Lifestyle modifications can reduce blood pressure, prevent or delay high blood pressure, enhance the effectiveness of blood pressure medications, and overall lower your risk of heart attack, heart disease and stroke.

Elements of the "lifestyle prescription"

  • Weight control: Losing as few as 10 pounds reduces blood pressure and/or prevents hypertension in many overweight people (people with a Body Mass Index of 25 or greater), although the ideal is to maintain normal body weight. Learn more about managing your weight.

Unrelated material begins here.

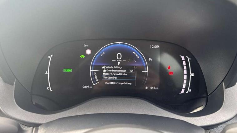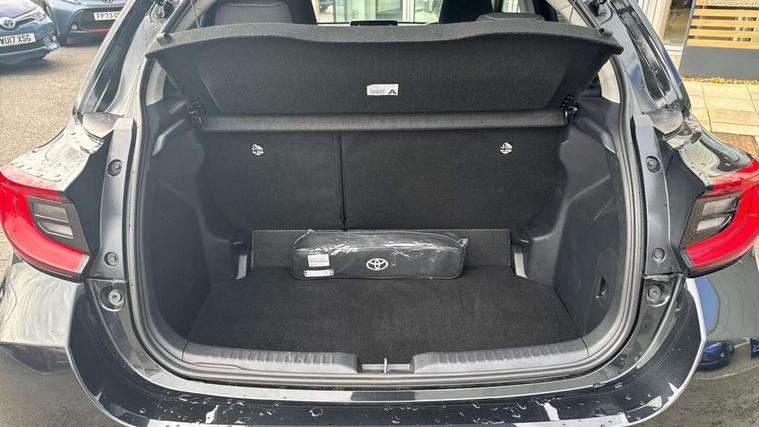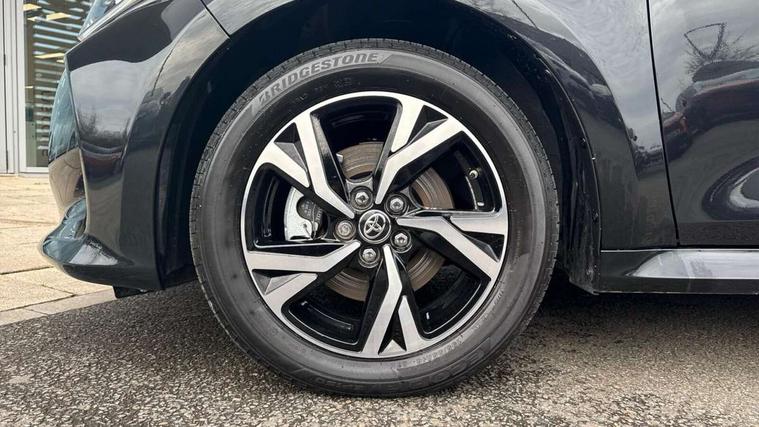 7" Digital Combimeter, Adaptive cruise control, Adjustable speed limit with speed warning, Bluetooth connectivity, Colour binocular inspired displays with digital speedometer, E-call, Electric power steering, Hybrid energy display, Lane trace assist, Multi information display switches on steering wheel, Pre-collision system (PCS), Reversing camera, Smartphone integration with Apple CarPlay and Android auto, Tailgate, Voice recognition, Vehicle Stability Control (VSC), 4 speakers, 9" Multimedia touch display, Toyota Touch 3 system with DAB radio, USB connection, Acoustic windscreen glass, Auto high beam assist, Auto windscreen wipers, Automatic headlights, Body coloured door mirrors, Electric adjustable heated door mirrors, Follow me home headlights, Front auto power windows with anti jam protection, LED daytime running lights, LED front fog lights, LED front light guide, LED Headlights, LED High mounted stop lamp, LED Indicators, LED rear light guide, Manual headlight levelling, Painted chequered front grille, Rain sensor, Rear auto power windows with anti jam protection, Rear privacy glass, Rear roof spoiler, Rear side wing doors, Rear wiper, Shark fin antenna, Turning signal integrated indicators in door mirrors, Variable front intermittent wipers, 3 adjustable rear headrests, 3 seat bench in 2nd row, 3 spoke leather steering wheel, 60/40 split folding rear seat, Active headrests, Adjustable boot height, Auto air conditioning, Coat hooks in rear grab handles, Cup holders (2 front & door), Data Communication Module (DCM) connected services, Fabric upholstery, Front armrest, Glovebox, Grey roof lining, Height adjustable driver's seat, Isofix seat fixing, Leather gearshift, Pollen filter, Shopping bag hooks, Single front passenger seat, Tilt/telescopic steering column, 3 point seatbelts on all rear seats, ABS+EBD+Brake assist, Electronic parking brake, Emergency brake light system (EBS), Front passenger airbag on/off switch, Front seatbelt reminder, Hill start assist control (HAC), Rear child proof door locks, Rear seat belt reminder, Supplemental Restraint System (SRS) 8 airbags: Driver & passenger's airbags, dual side curtain airbags, side impact airbags, front centre airbag, Toyota Safety Sense 3 with over the air updates, Tyre pressure warning system, 2x Master key, Alarm/immobiliser, Remote powered central double locking doors, Soft touch instrument panel, Space saver spare wheel,

  • Diet: Healthy eating also improves blood pressure. In particular the DASH (Dietary Approaches to Stop Hypertension) eating plan has proven effective and easy to follow. The DASH diet emphasizes fruits, vegetables, fat-free or low-fat milk and milk products, whole grain foods, fish, poultry, beans, seeds and nuts. It also contains less salt and sodium, sweets, added sugars and sugar-containing beverages, fats and red meat than the typical American diet. According to one study, it reduced systolic and diastolic blood pressure by 5.5 and 3.0 mm Hg compared to the control diet (what the average American eats). Learn more about diet and nutrition.
  • Salt: Healthy people should limit sodium to 2,300 mg or less (about 1 teaspoon) per day. African Americans, middle-aged and older adults and people with high blood pressure need less than 1,500 mg (about 2/3 of a teaspoon) per day. Remember, the majority of sodium typically comes from processed food, not salt added at the table. Learn more about reducing sodium.

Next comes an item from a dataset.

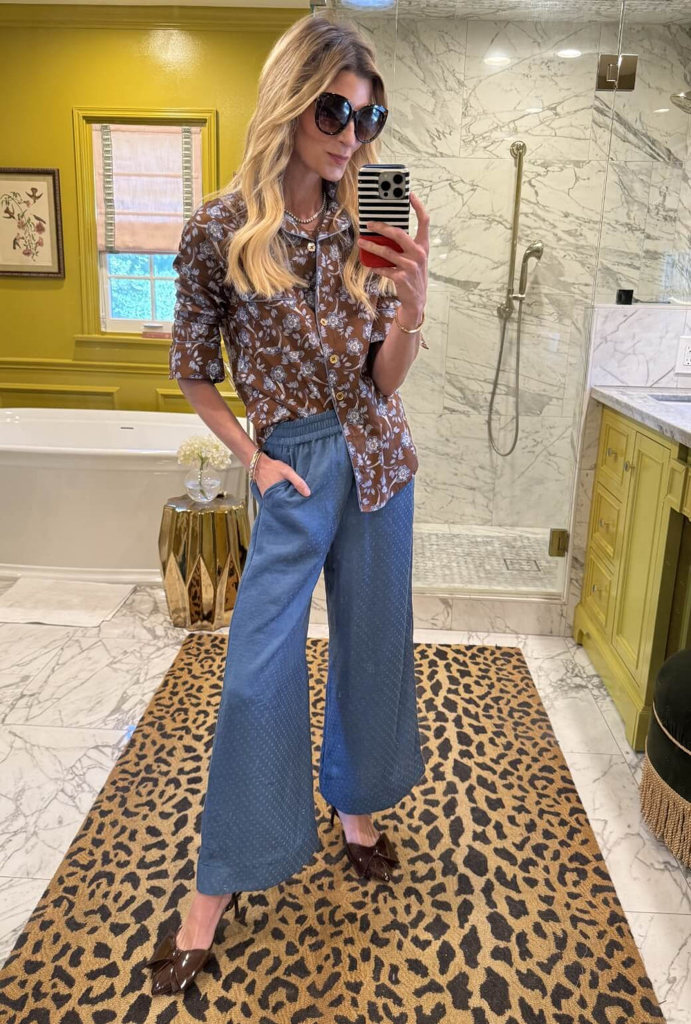 If you prefer to mix up the floral print, the cornflower blue Wide Leg Trousers make a great styling choice with the Perry Button Down. Add heels for an elevated look or loafers for an easy finish.

  • Physical Activity: Engage in regular moderately strenuous physical activity such as brisk walking at least 30 minutes per day most days of the week. Learn more about physical activity and fitness.
  • Alcohol: If you drink, limit yourself to no more than two drinks per day for men and no more than one drink per day for women. One drink equals one 12-ounce beer, one ounce of hard liquor or one 5-ounce glass of wine. Learn more about alcohol and cardiovascular disease.
  • Tobacco: Avoid all forms of tobacco as well as secondhand smoke. Learn how to quit smoking.

Your doctor will work with you on a plan to monitor your blood pressure while you follow your treatment plan. The American Heart Association recommends home monitoring for all people with high blood pressure to help your doctor determine whether your treatment is working. It’s not possible to make a one-size-fits-all rule about when to begin taking medication. This is a decision for you and your doctor to make. Factors he or she will consider are your age, body mass index, activity level and blood pressure numbers. As reluctant as you may be to take a prescription, the effects of high blood pressure are serious. And those effects are cumulative, so the sooner you begin counteracting them, the better.